I like learning languages, even if they’re not likely to be useful to me specifically. I may not visit the country, but if the language is fun, why not enjoy picking it up? I mean, I go running even though nothing I do for money requires running. It just makes me feel better and makes my body work better. I think that’s useful. Likewise, I think learning languages is useful, even if I don’t learn very much of a given language.
But what is a good way of learning a language? What things are useful? Different people will tell you different things and offer different approaches. It is likely to vary from person to person and depending on how the person intends to use the language. For instance, some people swear by audio-based acquisition methods – learn just by listening. However, if you’re in another country, my experience is that you will need the language most for reading signs and other instructions; spoken communication is both more flexible and longer in development. And if you have a strongly visual memory, having written forms to hang the words on may be a big plus.
I have found that getting used to the sounds of the language helps a lot – listen to it in videos, music, et cetera. In fact, learning songs in the language can be very useful and memorable… but for some languages, the sung version departs notably from the spoken version. If I’m going to actually use the language in another country soon (as for instance Portuguese on my recent vacation), it is best to learn things first that I am most likely to use: buying drinks, buying tickets, finding bathrooms, getting through airports… But if I just want to learn the language for literary purposes, and to get to know the culture, well, it makes sense to learn the standard cultural literary background, doesn’t it? Or at least selected highlights? A chrestomathy?
Chrestomathy. There’s a word you won’t see often; it is unlikely to show up in a chrestomathy of English. It is pronounced with the stress on the second syllable (and with the ch said as /k/). It means, per Oxford, “A collection of choice passages from an author or authors, esp. one compiled to assist in the acquirement of a language.” It has tastes for me of chrysalis, that intermediate form leading to a butterfly, and crest, a ridge point one must pass over, and stoma, which is basically a hole or a tube, and math, although this is more about language (still, why not be a polymath too if you can be a polyglot?), and more distantly of mastery and stretch and a few less pertinent things such as matches and Chester and torch.
But it comes from χρηστός khréstos ‘useful’ and μαθεια matheia ‘learning’. There is a related word, chrestomathic, which means (again per Oxford) “devoted to the learning of useful matters.” It’s a bit presumptuous to hold choice literary passages to be the epitome of useful learning, more than songs, say, or “Excuse me, where are the washrooms?” This is a basis not in the business of life – perhaps this is a vision for thelemites, who have servants to see to such little things – but in the standard references of culture. Famous scenes from movies? Snippets of children’s books? Apparently we should think more of scenes from Shakespeare and lines by John Donne and Alexander Pope and (if there is any justice at all) Edna St. Vincent Millay. Or even a single-author chrestomathy (perhaps Hemingway for the introductory readers, Nabokov for the more advanced, and Joyce or Faulkner or Pynchon for the exceptionally odd).

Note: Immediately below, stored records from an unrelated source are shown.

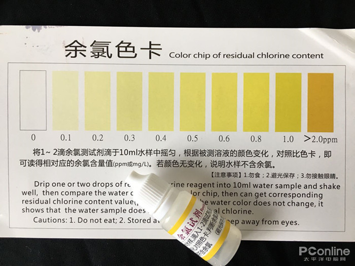 本次实验使用了PConline评测室购置的水质检测箱,实验项目分别为TDS值、pH、矿物质、余氯、主观口感五个项目。
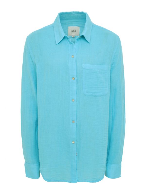 The Rails Ellis shirt is a chic option for casual summer dressing. Crafted in pure organic cotton gauze, the shirt offers a lightweight, breathable and tactile feel. Featuring a pointed collar, long sleeves and patch pocket, whilst the natural shell buttons add a luxe finish.
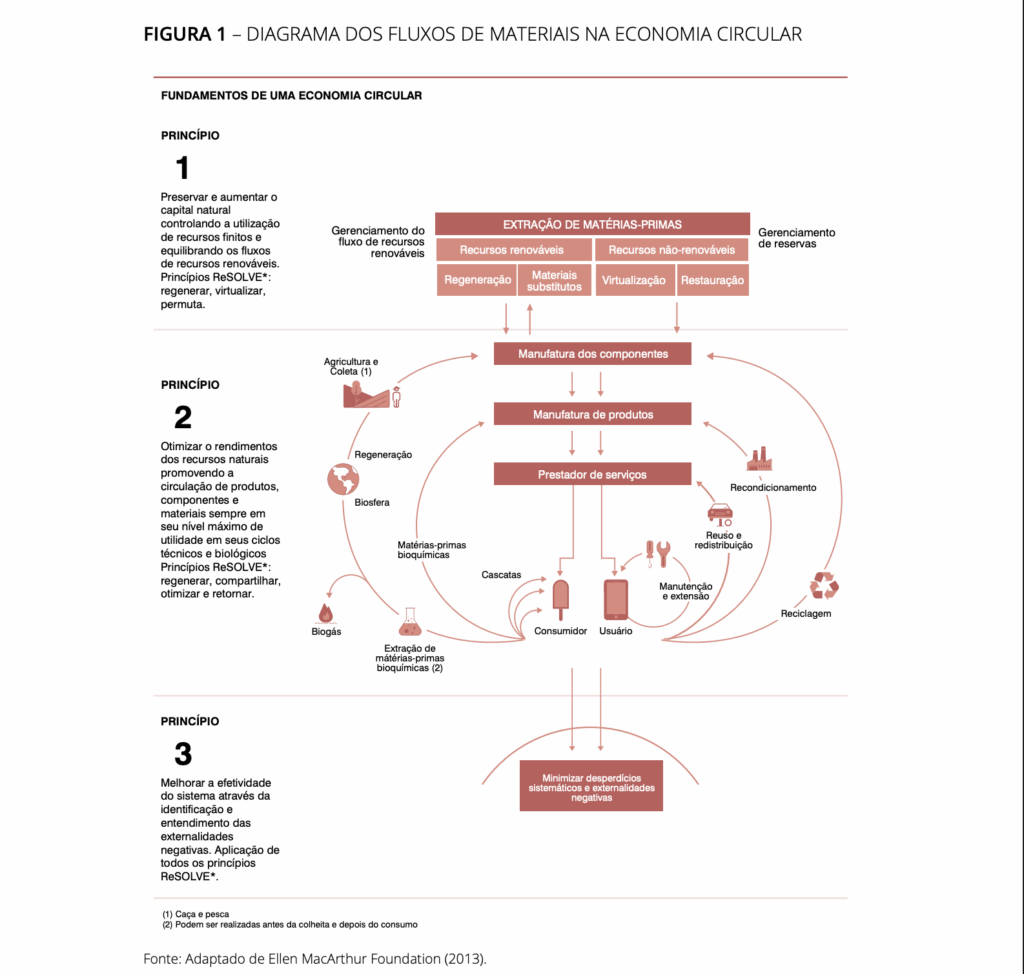 A adoção da Economia Circular é um dos um dos caminhos para o enfrentamento desse problema, pois “associa o crescimento econômico a um ciclo de desenvolvimento positivo contínuo, que preserva e aprimora o capital natural, otimiza a produção de recursos e minimiza riscos sistêmicos, com a administração de estoques finitos e fluxos renováveis”.
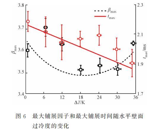 根據(jù)液滴鋪展隨時(shí)間的變化,提取了不同過冷度下的βmax和tmax并繪制了圖6。如圖所示:隨著水平壁面過冷度的增大,βmax呈現(xiàn)了先減小后增大的非單調(diào)變化趨勢(shì),并在水平壁面過冷度為18.0~30.0K時(shí)達(dá)到最小值;不同于βmax的變化趨勢(shì),tmax呈現(xiàn)逐漸減小的趨勢(shì),這是由于隨著水平壁面過冷度的增加,換熱加劇,液滴的溫度降低,這使得密度、黏度、表面張力增加,抑制了最大鋪展時(shí)間。根據(jù)Shang等提出的換熱模型,將乙醇液滴看作一個(gè)整體,并將液滴沖擊過冷水平壁面的過程看作圓柱形不斷“變矮”和“變寬”的過程,可以得到乙醇液滴沖擊過冷水平壁面的溫度降低范圍為1.8~3.7K。
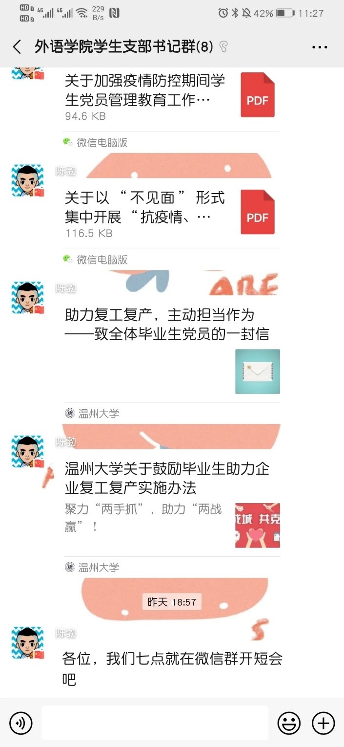 1.严肃学生党员教育管理,充分发挥党务队伍力量。有效运用学习强国等新兴媒体,加强政治理论学习,尤其是学习习近平总书记关于疫情防控工作的重要指示精神,确保“三会一课”、主题党日等各项常规工作落实到位。

Well, whatever. If I were to christen my own chrestomathy for English, my choice of passages certainly would include music (“There are places I remember…”), children’s books (“The night Max wore his wolf suit…”), movie clips (“…We’ll always have Paris…”), comic strips (“…Tyrannosaurs in F-14s!!”), and perhaps even an ad or two (“Where’s the beef?”), to go alongside “To be or not to be…” and “No man is an island…” and “A little learning is a dangerous thing…” and “I burn the candle at both ends…” (and perhaps “…yes I said yes I will Yes” and “Lolita, light of my life, fire of my loins…” and “A screaming comes across the sky…”).
Or, you know, just some paragraphs from my blog.